Jakobi R, Traugh J A
Department of Biochemistry, University of California, Riverside 92521-0129, USA.
Eur J Biochem. 1995 Jun 15;230(3):1111-7. doi: 10.1111/j.1432-1033.1995.tb20662.x.
Casein kinase II exists in vivo as an active holoenzyme consisting of catalytic alpha and/or alpha' and regulatory beta subunits, which form a tetrameric structure of alpha 2 beta 2. Unlike most other protein kinases, casein kinase II uses both ATP and GTP effectively as phosphate donors. Two residues unique to the catalytic subunit of casein kinase II, Val66 and Trp176, were mutated to Ala66 and Phe176, respectively, the amino acids present in more than 95% of the identified protein kinase sequences. Using recombinant alpha subunit expressed in Escherichia coli, the mutations have been previously shown to reduce the utilization of GTP by changing Km values for ATP and GTP and to reduce the approximate fivefold stimulation observed upon addition of the regulatory subunit [Jakobi, R. & Traugh, J. A. (1992) J. Biol. Chem. 267, 23,894-23,902]. In this study, the mutations are shown to affect the catalytic activity of the reconstituted holoenzyme by changing both Km and Vmax values. The Vmax for ATP is reduced by the mutation of Trp176 to phenylalanine, but no change is observed with GTP. The Val66 to alanine and Val66/Trp176 to alanine/phenylalanine mutations reduce the Vmax values for ATP and GTP to levels comparable to those of the catalytic subunits alone, indicating that changes in the stimulation of activity by the beta subunit are due to changes in Vmax.
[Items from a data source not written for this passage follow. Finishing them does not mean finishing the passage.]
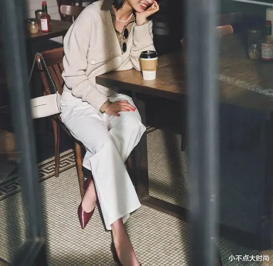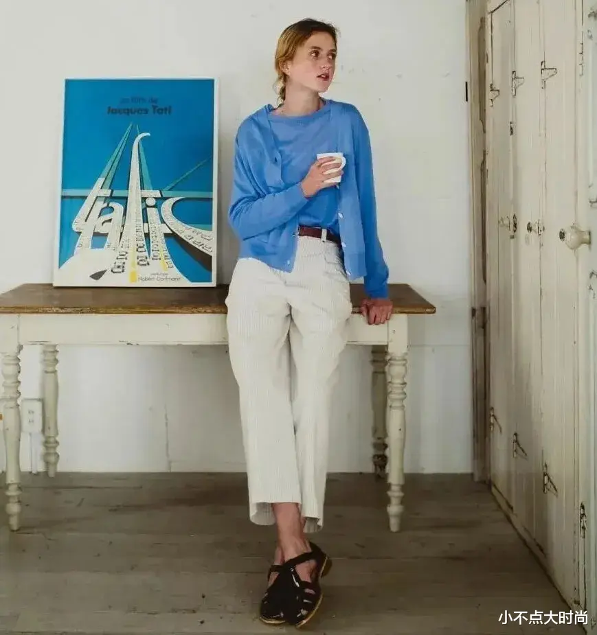 白色的高腰九分直筒裤搭配蓝色的针织开衫,内搭也是蓝色的,沉静又高级。九分直筒裤修饰腿型,既显高又显瘦。整套蓝白搭配清冷克制又有针织的温柔气息,时髦又高级。▼
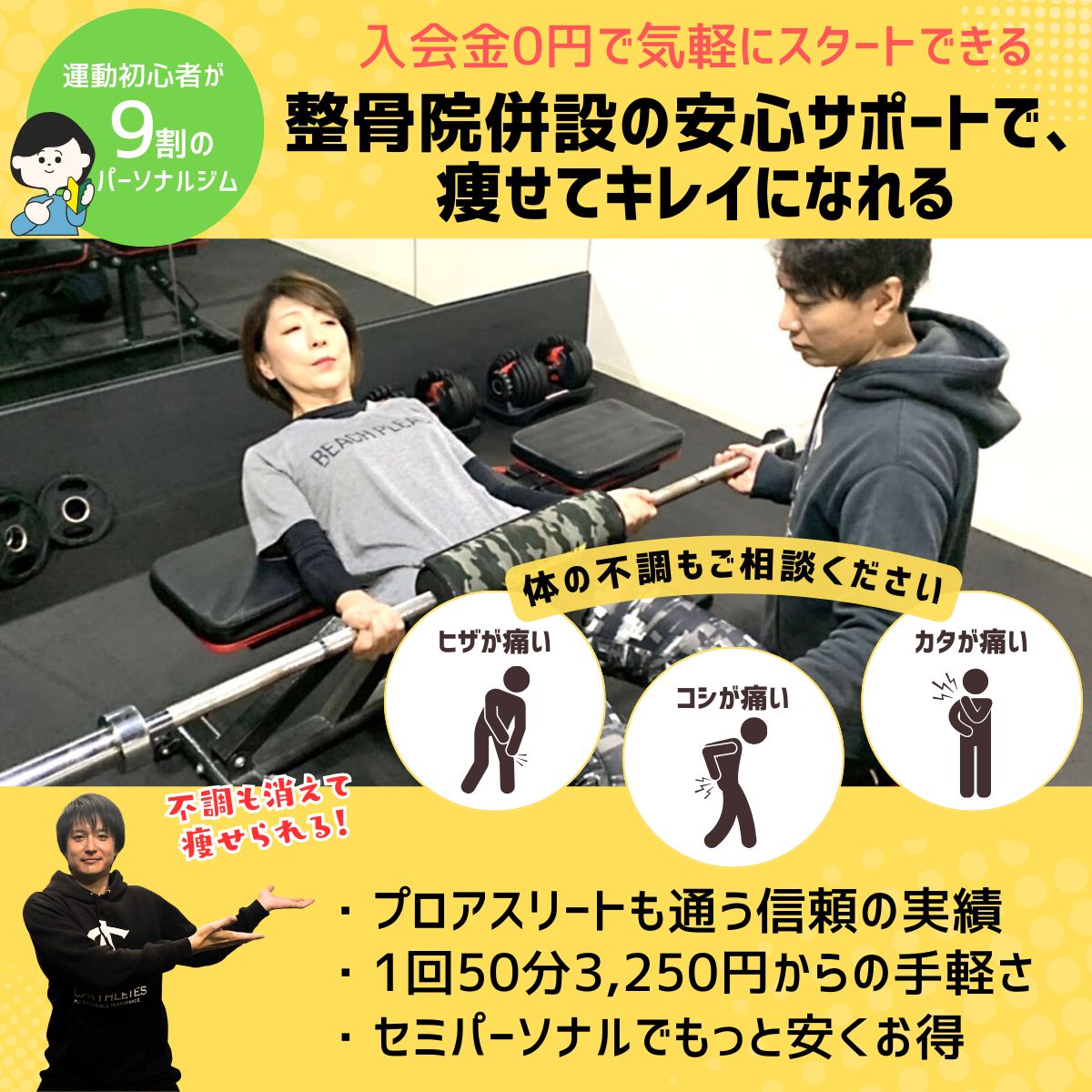 コウジム伊勢田駅から徒歩7分09:00~21:00(月〜金)/09:00~12:00(土)/日曜定休整骨院併設で柔道整復師資格を持つトレーナーが在籍し、痛みや姿勢の改善を含めた医学的根拠のあるオーダーメイド指導を提供。プロ選手の実績を持つ指導で、40代以上や産後の女性も安全にボディメイクと機能改善ができる点が強み。トレーニング単価(税込)3,900円/h〜入会金(税込)無料月会費(税込)-公式サイトを見るプラントレーニング単価(税込)総額(税込)回数時間期間都度払いセミパーソナル1回¥4,800/h¥4,0001回50分-他12件のプランを見る
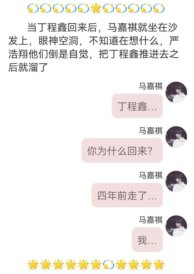 马嘉祺丁程鑫…你知不知道啊?在你走之后的三年里,我每天晚上都睡不着,你知道为什么吗?因为我猜…是因为团内现在不好,你才想走,我努力把团做好,做得更好,想让你回来。可是当我得知,你是抛下了整个团,去和一个女人结婚,我的心有多痛吗?世界在那一刻仿佛都是空白,你走时我有多爱你,当时我就有多崩溃

Structural studies using ultraviolet CD spectroscopy show that changes in stimulation of Vmax by the beta subunit are correlated with changes in the secondary structure; the extent of these changes is reduced by both mutations. Correlation of changes in secondary structure and stimulation of activity by the beta subunit indicate that the formation of the wild-type holoenzyme causes conformational changes in the active site, leading to an increased rate of reaction. As shown by the mutations, Val66 and Trp176 are involved both in the conformational changes and in the selectivity of ATP and GTP.
酪蛋白激酶II在体内以一种活性全酶的形式存在,该全酶由催化性的α和/或α'亚基以及调节性的β亚基组成,形成α2β2的四聚体结构。与大多数其他蛋白激酶不同,酪蛋白激酶II能有效地将ATP和GTP都用作磷酸供体。酪蛋白激酶II催化亚基特有的两个残基,Val66和Trp176,分别被突变为Ala66和Phe176,这两种氨基酸存在于超过95%已鉴定的蛋白激酶序列中。利用在大肠杆菌中表达的重组α亚基,先前的研究表明这些突变通过改变ATP和GTP的Km值降低了GTP的利用率,并降低了添加调节亚基后观察到的约五倍的刺激作用[雅各比,R. & 特劳,J. A.(1992年)《生物化学杂志》267, 23894 - 23902]。在本研究中,这些突变被证明通过改变Km和Vmax值来影响重组全酶的催化活性。将Trp176突变为苯丙氨酸会降低ATP的Vmax,但GTP未观察到变化。将Val66突变为丙氨酸以及将Val66/Trp176突变为丙氨酸/苯丙氨酸会将ATP和GTP的Vmax值降低到与单独催化亚基相当的水平,表明β亚基对活性的刺激变化是由于Vmax的改变。使用紫外圆二色光谱的结构研究表明,β亚基对Vmax的刺激变化与二级结构的变化相关;这两种突变都降低了这些变化的程度。二级结构的变化与β亚基对活性的刺激之间的相关性表明,野生型全酶的形成会导致活性位点的构象变化,从而导致反应速率增加。如突变所示,Val66和Trp176既参与构象变化,也参与ATP和GTP的选择性。